在列表中执行此类操作很快就会影响程序的性能。发生的情况是,每次删除时,列表操作都会执行一次新的 malloc & 操作。移动元素。如果您的清单非常庞大或其他原因,这可能会很昂贵。所以我建议这样做 -
我假设你的列表有独特的元素。否则,您需要在字典中维护一个具有重复值的列表。无论如何,对于您提供的数据,这里是 -
方法 1
方法 2
如果这一切看起来代码太多了。然后你可以尝试使用
set
。但这样你的列表就会丢失所有重复的元素。Doing such operations in Lists can hamper your program's performance very soon. What happens is with each remove, List operations do a fresh malloc & move elements around. This can be expensive if you have a very huge list or otherwise. So I would suggest this -
I am assuming your list has unique elements. Otherwise you need to maintain a list in your dict having duplicate values.

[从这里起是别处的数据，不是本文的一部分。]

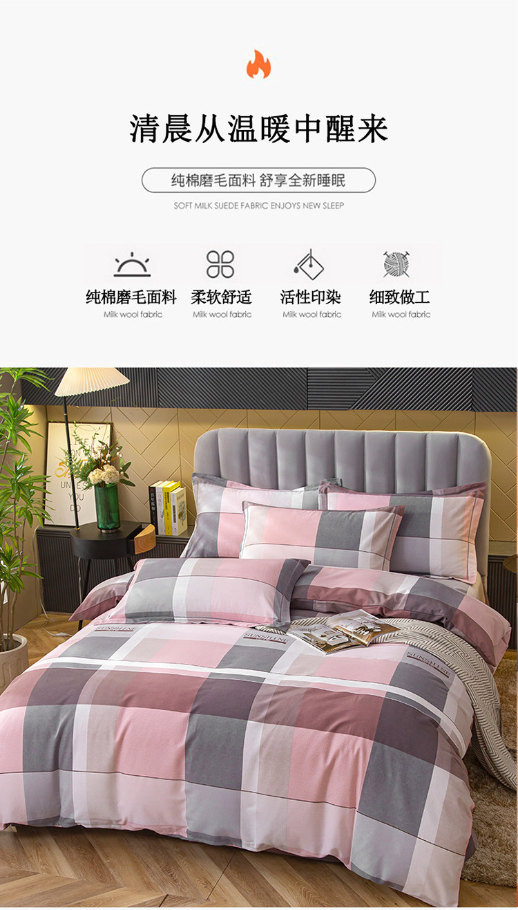 当前位置: 91家纺网 > 商品网购 > 床品套件 > 四件套 > 全棉普通四件套 > 简冠家纺 2022新款全棉加厚生态磨毛四件套 莫格-粉

Anyway for the data your provided, here it is-
METHOD 1
METHOD 2
If all that looks like too much code. Then you could try using
set
. But this way your list will loose all duplicate elements.我认为 intuited 的答案对于这样一个简单的问题来说太长了,而且 Python 已经有一个内置函数来链接两个列表作为生成器。
流程如下:
itertools.chain
在不创建消耗内存的副本x in someset
)的时间复杂度为 O(1),因此速度会非常快。现在是代码:
这应该是最快、最简单且消耗内存最少的解决方案之一。
I think intuited's answer is way too long for such a simple problem, and Python already has a builtin function to chain two lists as a generator.
The procedure is as follows:
itertools.chain
to chain L2 and L3 without creating a memory-consuming copyx in someset
) is O(1), this will be very fast.And now the code:
This should be one of the fastest, simplest and least memory-consuming solution.